Diese können ein breites Spektrum von eher milden Beteiligungen des peripheren Nervensystems
bis zu schweren akut bedrohlichen Verläufen bei Beteiligung des zentralen Nervensystems
haben. Hier ist ein rasches Erkennen, eine zügige konsequente Diagnostik sowie die
Einleitung einer Therapie erforderlich, um dauerhafte Schäden abzuwenden.
Frau Prof. Weinmann-Menke stellt in ihrem Artikel die möglichen renalen Beteiligungen
verschiedener rheumatischer Erkrankungen sowie die jeweils erforderliche Diagnostik
ausführlich dar. Da renale Manifestationen klinisch inapparent verlaufen können, muss
diesen Organbeteiligungen eine gezielte Aufmerksamkeit gelten. Nur durch entsprechende
regelmäßige diagnostische Maßnahmen werden renale Beteiligungen rechtzeitig erkannt
und können behandelt werden, ehe es zu einer fortgeschrittenen Organschädigung kommt.
Kristallarthritiden sind zwar kein Notfall in der Rheumatologie aus Sicht der Schwere
der Erkrankung. Auf Grund ihrer jedoch teilweise akuten Symptomatik mit ausgeprägter
Gelenkschwellung, Rötung und Überwärmung sowie stärksten Schmerzen und hohen Entzündungswerten
gehören akute Kristallarthritiden zu den klinisch eindrucksvollsten Erkrankungen in
der Rheumatologie. Der Beitrag von Frau Dr. Frohne und Kollegen stellt diesen Krankheitskomplex
im Kontext rheumatologischer Notfälle dar.
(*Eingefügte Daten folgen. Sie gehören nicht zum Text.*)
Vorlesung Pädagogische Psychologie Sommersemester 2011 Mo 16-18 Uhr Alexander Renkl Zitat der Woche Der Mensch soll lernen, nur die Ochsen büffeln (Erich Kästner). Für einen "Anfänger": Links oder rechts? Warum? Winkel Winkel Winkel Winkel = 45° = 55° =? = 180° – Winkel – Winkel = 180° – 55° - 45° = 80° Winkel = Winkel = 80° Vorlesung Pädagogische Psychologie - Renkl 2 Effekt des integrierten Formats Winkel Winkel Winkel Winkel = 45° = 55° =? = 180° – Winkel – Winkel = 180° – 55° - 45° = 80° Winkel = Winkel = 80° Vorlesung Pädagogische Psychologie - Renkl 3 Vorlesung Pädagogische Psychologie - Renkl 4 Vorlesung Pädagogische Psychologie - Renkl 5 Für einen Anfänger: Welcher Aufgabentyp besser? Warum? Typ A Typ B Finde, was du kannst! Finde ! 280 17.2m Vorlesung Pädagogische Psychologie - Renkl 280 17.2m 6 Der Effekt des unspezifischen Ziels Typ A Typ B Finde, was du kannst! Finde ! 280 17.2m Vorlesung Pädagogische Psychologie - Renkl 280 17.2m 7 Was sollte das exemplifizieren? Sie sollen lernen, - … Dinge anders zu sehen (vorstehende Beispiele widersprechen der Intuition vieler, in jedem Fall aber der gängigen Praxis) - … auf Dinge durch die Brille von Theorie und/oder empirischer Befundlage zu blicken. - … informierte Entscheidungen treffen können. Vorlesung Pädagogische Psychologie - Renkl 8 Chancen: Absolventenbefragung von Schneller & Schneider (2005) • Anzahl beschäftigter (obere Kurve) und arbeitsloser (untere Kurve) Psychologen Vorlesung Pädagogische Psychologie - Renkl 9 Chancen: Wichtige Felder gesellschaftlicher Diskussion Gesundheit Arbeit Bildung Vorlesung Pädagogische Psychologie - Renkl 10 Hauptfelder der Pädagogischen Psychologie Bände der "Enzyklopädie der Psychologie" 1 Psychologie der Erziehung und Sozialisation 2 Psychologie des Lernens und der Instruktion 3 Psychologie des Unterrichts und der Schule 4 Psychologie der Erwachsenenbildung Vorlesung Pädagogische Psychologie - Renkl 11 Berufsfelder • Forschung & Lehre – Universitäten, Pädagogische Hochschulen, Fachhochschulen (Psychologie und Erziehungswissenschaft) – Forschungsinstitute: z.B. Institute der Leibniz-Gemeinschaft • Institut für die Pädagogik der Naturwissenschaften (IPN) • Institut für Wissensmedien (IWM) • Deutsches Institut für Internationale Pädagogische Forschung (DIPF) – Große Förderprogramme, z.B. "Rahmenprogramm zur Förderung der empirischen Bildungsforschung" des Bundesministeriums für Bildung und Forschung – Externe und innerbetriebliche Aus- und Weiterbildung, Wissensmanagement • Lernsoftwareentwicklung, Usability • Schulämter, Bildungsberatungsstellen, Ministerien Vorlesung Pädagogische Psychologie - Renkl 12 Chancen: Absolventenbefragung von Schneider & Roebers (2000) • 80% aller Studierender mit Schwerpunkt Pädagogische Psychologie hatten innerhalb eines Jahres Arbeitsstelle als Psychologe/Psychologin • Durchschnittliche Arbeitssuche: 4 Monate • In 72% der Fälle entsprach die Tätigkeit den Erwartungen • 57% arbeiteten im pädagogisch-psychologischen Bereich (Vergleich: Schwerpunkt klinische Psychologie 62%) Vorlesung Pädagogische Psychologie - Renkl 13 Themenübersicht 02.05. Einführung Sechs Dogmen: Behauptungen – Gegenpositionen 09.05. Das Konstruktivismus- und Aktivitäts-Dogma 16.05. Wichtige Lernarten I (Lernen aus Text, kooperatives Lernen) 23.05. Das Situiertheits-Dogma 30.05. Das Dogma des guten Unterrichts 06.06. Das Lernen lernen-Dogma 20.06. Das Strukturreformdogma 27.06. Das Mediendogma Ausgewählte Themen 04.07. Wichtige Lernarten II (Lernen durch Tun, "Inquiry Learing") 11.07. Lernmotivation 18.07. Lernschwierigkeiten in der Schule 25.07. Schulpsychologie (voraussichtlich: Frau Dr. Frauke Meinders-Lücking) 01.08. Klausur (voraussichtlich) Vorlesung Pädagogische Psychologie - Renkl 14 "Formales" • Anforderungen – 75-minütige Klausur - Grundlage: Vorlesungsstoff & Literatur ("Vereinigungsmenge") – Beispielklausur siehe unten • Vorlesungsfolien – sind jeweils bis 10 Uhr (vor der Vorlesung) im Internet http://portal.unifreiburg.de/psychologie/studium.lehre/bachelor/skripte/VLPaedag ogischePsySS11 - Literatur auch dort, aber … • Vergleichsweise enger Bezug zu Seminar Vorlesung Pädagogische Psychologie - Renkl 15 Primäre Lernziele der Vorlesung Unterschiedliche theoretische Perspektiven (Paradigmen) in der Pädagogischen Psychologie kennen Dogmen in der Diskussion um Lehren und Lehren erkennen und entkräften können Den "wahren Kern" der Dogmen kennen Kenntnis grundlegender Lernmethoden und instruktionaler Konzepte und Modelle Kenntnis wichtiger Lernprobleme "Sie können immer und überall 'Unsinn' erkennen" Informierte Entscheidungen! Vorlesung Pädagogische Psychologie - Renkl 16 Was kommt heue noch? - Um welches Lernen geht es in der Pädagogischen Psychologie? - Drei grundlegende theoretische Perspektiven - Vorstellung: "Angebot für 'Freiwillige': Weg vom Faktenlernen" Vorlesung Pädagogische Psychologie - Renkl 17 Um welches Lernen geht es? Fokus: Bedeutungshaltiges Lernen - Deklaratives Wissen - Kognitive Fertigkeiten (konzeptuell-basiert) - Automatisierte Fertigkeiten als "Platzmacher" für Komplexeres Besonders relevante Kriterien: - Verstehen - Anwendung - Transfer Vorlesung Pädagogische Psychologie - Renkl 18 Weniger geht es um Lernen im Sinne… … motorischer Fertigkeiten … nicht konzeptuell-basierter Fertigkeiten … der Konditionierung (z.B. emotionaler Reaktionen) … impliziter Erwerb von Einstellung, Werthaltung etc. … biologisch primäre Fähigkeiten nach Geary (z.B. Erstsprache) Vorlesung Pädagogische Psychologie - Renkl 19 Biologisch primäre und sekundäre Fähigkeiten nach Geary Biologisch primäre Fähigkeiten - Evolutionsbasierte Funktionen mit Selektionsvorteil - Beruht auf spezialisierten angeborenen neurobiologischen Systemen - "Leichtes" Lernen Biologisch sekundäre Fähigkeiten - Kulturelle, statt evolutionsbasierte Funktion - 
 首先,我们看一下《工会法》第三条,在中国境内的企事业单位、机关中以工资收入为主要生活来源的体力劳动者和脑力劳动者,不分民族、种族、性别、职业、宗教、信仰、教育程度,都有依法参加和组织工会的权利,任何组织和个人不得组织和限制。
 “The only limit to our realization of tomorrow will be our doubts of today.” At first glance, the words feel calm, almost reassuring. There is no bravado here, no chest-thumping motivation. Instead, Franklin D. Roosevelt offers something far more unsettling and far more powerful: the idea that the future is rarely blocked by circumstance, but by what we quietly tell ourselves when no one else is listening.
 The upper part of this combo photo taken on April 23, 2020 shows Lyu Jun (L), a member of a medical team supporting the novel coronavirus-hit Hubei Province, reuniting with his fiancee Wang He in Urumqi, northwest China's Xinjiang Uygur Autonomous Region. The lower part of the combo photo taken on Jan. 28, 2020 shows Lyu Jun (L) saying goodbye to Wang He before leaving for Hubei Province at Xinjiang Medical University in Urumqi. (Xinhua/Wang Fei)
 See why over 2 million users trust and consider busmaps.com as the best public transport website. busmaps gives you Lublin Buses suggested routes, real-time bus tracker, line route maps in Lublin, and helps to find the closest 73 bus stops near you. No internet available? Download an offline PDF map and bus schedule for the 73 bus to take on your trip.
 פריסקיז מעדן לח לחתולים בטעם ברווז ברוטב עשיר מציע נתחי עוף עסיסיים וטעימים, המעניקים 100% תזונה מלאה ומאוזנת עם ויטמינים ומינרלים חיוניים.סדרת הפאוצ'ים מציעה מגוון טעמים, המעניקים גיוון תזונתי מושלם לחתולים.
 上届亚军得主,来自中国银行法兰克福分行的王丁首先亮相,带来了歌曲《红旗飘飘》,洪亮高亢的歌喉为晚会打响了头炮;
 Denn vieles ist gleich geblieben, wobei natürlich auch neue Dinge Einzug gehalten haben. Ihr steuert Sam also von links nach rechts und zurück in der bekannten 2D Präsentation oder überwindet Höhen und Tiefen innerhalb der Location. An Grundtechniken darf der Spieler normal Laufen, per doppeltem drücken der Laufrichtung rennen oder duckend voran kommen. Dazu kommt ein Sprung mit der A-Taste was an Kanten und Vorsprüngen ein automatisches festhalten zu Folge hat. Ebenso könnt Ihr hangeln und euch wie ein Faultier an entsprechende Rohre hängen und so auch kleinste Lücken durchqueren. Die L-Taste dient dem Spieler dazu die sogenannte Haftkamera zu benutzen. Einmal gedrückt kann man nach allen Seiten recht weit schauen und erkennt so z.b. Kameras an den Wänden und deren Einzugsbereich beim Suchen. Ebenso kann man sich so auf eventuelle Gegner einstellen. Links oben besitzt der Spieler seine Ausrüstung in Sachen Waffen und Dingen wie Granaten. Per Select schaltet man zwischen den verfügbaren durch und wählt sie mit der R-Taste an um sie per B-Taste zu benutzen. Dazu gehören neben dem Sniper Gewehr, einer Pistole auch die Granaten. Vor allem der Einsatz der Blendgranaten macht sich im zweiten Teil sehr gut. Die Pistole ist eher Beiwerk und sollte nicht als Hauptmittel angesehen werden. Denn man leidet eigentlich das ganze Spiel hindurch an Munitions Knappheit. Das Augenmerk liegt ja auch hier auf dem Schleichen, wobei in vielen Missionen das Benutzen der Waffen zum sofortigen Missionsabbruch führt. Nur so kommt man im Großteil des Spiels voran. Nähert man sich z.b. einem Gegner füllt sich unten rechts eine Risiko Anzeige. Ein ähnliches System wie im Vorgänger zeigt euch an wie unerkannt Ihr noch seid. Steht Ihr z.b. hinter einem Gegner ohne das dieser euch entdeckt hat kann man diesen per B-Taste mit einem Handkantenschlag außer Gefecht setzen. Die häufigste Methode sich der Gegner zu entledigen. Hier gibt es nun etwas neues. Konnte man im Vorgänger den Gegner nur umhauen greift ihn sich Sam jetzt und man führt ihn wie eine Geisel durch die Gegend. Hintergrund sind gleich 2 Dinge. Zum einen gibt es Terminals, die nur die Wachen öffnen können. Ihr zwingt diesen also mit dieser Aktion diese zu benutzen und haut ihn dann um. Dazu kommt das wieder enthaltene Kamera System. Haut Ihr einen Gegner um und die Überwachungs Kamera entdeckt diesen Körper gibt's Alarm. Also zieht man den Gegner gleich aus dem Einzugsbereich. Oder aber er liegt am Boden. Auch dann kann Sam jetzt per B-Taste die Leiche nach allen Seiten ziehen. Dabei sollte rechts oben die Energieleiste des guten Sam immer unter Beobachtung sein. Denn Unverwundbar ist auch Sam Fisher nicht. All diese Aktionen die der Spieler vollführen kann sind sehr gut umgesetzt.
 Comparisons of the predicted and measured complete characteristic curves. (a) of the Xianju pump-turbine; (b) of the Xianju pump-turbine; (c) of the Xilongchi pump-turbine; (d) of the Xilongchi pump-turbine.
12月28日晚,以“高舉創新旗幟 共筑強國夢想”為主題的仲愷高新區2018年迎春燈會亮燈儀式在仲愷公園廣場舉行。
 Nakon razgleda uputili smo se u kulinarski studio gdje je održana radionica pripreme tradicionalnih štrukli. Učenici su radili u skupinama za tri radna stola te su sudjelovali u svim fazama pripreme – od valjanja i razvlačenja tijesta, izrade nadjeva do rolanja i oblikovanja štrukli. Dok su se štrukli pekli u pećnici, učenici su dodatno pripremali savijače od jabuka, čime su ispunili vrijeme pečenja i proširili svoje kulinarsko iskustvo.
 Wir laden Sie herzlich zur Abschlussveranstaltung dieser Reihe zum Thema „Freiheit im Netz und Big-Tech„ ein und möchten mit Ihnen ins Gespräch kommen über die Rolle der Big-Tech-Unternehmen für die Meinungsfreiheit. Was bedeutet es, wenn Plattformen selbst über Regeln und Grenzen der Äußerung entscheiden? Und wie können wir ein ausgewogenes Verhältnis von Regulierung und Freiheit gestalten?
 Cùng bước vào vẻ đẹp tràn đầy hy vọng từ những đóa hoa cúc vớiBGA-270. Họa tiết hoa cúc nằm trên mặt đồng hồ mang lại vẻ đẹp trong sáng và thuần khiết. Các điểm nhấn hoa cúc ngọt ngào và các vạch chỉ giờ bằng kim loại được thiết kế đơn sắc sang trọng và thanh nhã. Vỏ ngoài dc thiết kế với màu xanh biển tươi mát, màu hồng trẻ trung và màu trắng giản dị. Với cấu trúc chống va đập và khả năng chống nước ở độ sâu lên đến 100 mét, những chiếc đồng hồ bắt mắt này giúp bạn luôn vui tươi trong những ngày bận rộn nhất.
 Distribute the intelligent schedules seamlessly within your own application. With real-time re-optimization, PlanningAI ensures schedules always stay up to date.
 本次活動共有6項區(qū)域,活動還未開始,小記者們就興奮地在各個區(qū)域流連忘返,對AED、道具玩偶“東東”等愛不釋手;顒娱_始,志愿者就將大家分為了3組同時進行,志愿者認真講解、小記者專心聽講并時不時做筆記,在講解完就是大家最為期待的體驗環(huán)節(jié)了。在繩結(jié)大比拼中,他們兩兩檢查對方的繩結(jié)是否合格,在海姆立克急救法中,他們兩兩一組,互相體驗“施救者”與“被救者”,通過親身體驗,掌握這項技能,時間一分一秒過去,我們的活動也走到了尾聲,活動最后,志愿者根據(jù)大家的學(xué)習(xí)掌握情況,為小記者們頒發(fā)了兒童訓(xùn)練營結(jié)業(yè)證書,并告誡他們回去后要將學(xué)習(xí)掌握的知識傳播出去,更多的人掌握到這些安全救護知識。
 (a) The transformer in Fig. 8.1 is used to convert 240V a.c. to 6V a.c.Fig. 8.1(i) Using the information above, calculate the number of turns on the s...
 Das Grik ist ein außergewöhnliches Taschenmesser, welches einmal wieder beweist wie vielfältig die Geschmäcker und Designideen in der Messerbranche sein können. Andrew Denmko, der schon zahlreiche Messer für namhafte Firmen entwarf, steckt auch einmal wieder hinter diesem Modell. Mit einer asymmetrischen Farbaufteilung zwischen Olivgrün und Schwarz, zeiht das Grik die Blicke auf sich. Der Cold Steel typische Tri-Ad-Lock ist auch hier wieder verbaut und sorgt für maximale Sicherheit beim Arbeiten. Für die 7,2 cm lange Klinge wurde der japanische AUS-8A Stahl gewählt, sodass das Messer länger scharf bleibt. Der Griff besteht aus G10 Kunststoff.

Aus orthopädisch-rheumatologischer Sicht sind Infektionen als Notfälle von besonderer
Bedeutung. Dabei nimmt hinsichtlich infektiöser Manifestationen am Bewegungsapparat
die Spondylodiszitis eine gewisse Sonderstellung ein, die in der Arbeit von Herrn
Dr. von der Höh umfänglich dargestellt wird. Die frühzeitige Erkennung der Infektion
ist an der Wirbelsäule meist noch problematischer als am peripheren Gelenk. Gerade
bei rheumatischen Erkrankungen mit den ihnen zugehörigen systemischen Entzündungszeichen
kann im Zusammenhang mit dem sehr häufigen Leitsymptom Rückenschmerz die Diagnosestellung
erschwert sein. Die resultierenden Komplikationsmöglichkeiten sind hingegen zum Teil
noch schwerwiegender als an peripheren Skelettanteilen. Daher war es ein Anliegen
der Herausgeber, dieser speziellen Manifestation unter Bezugnahme auf die erst kürzlich
erschienene S-2k Leitlinie besonderen Raum zu geben.
Einem anderen Fokus im Rahmen rheumaorthopädischer Notfälle trägt Herr Prof. Heyde
in seinem Beitrag über die Frakturen an der Wirbelsäule bei der ankylosierenden Spondyloarthritis
Rechnung. Er belegt insbesondere die durch die axiale Manifestation bedingten biomechanischen
Veränderungen, die die Frakturanfälligkeit erhöhen, und weist eindrücklich auf die
Besonderheiten der notwendigen operativen Versorgung dieser Verletzungen hin. Darüber
hinaus wird die Erfordernis einer sehr subtilen Abklärung der gesamten spinalen Achse
selbst nach als Bagatelltrauma deklarierten Verletzungen für diese Klientel betont.
Ein Übersehen der oft schwer zu erkennenden traumatischen Schäden kann fatale Folgen
haben.
Wir hoffen, mit den Beiträgen zum Thema Notfälle in der Rheumatologie einen Beitrag
für den klinischen Alltag aller Kolleginnen und Kollegen zu geben, die Patientinnen
und Patienten mit entzündlich rheumatischen Erkrankungen betreuen.